**Collected material:**
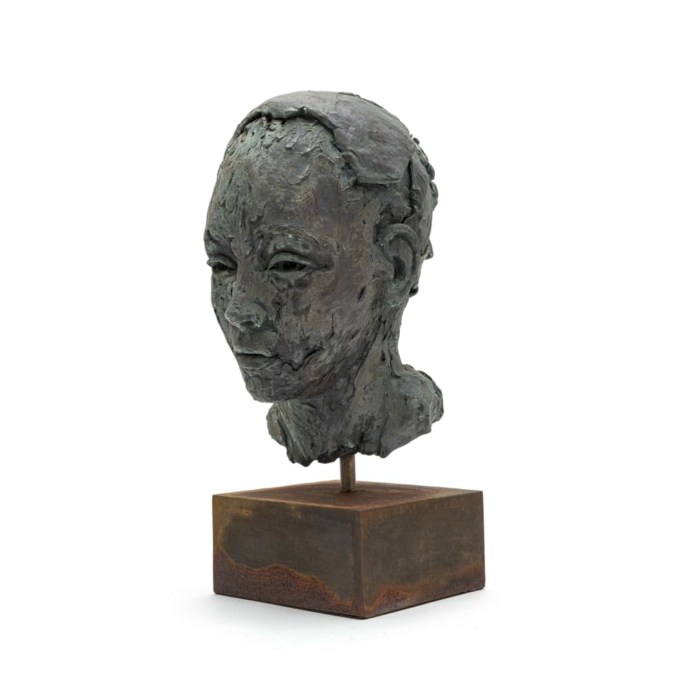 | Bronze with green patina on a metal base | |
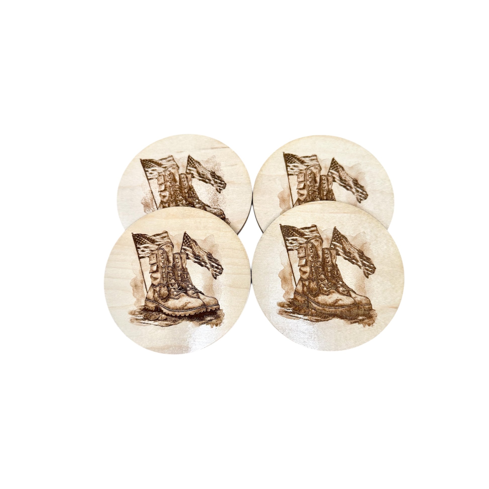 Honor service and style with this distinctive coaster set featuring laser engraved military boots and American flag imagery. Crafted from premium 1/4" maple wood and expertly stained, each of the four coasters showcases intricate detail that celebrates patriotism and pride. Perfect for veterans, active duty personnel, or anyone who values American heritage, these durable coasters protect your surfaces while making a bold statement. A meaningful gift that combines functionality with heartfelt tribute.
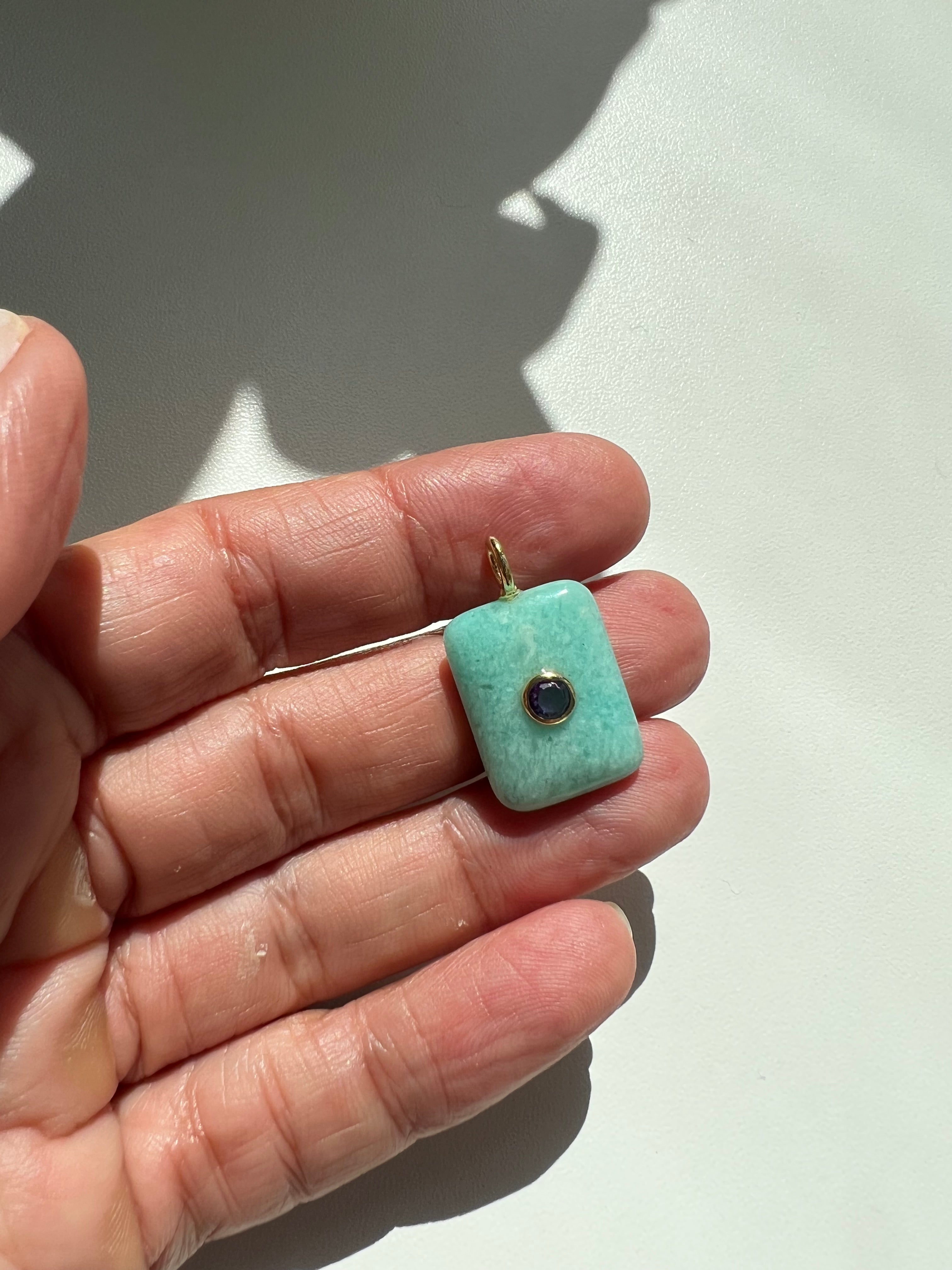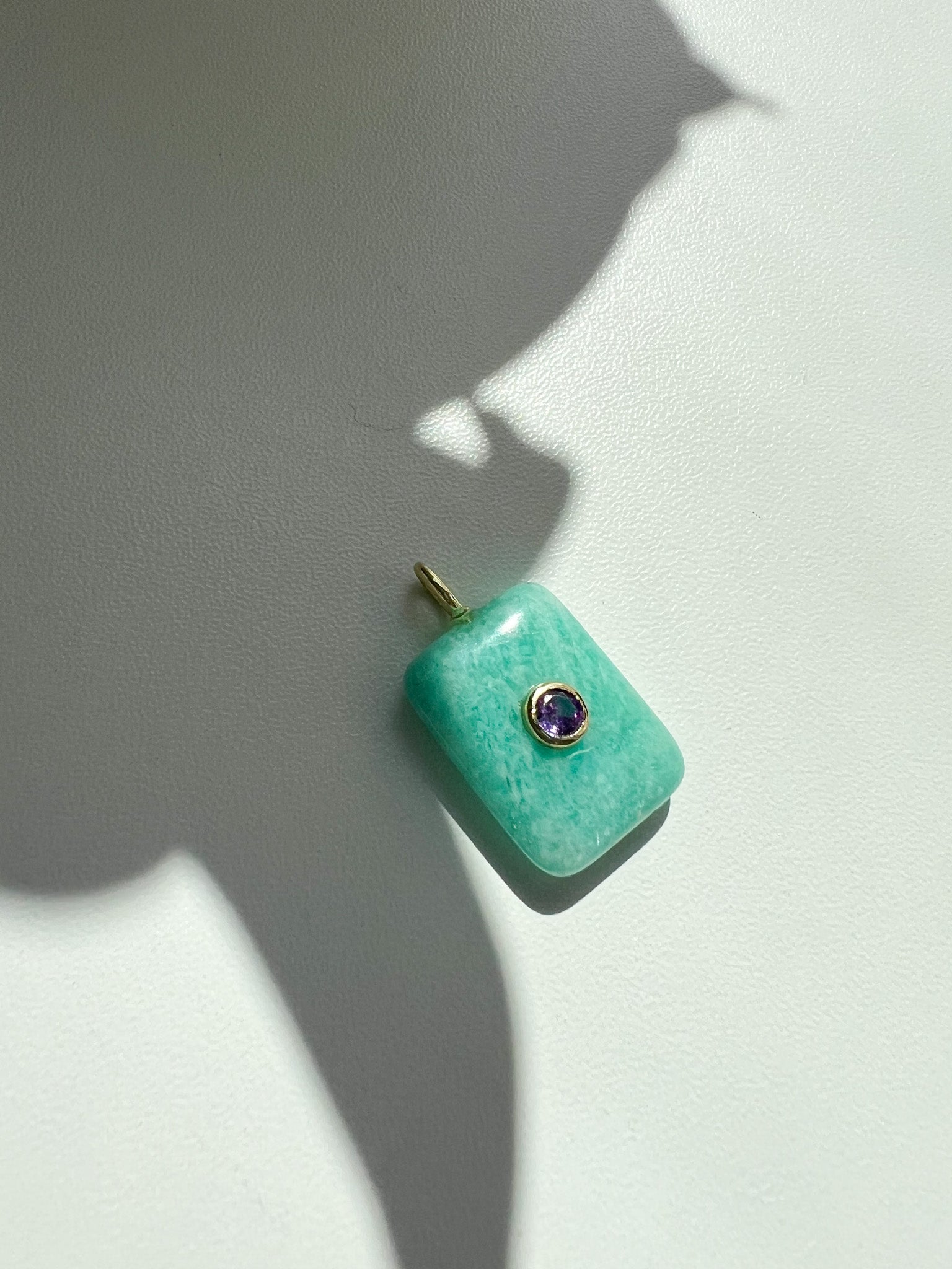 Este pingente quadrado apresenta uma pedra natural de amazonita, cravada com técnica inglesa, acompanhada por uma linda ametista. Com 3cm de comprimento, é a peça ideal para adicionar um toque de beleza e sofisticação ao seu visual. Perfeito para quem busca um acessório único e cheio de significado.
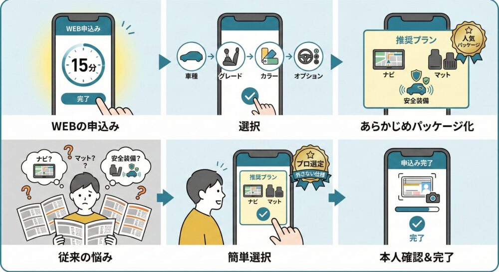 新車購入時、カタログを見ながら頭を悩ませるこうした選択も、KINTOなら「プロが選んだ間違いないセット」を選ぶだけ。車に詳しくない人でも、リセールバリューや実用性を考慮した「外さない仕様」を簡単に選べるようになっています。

**Exercise aim:** Could the data above be returned in full, exactly, with every image left out?

**Solution for this problem:**
 | Bronze with green patina on a metal base | |
 Honor service and style with this distinctive coaster set featuring laser engraved military boots and American flag imagery. Crafted from premium 1/4" maple wood and expertly stained, each of the four coasters showcases intricate detail that celebrates patriotism and pride. Perfect for veterans, active duty personnel, or anyone who values American heritage, these durable coasters protect your surfaces while making a bold statement. A meaningful gift that combines functionality with heartfelt tribute.
 Este pingente quadrado apresenta uma pedra natural de amazonita, cravada com técnica inglesa, acompanhada por uma linda ametista. Com 3cm de comprimento, é a peça ideal para adicionar um toque de beleza e sofisticação ao seu visual. Perfeito para quem busca um acessório único e cheio de significado.
 新車購入時、カタログを見ながら頭を悩ませるこうした選択も、KINTOなら「プロが選んだ間違いないセット」を選ぶだけ。車に詳しくない人でも、リセールバリューや実用性を考慮した「外さない仕様」を簡単に選べるようになっています。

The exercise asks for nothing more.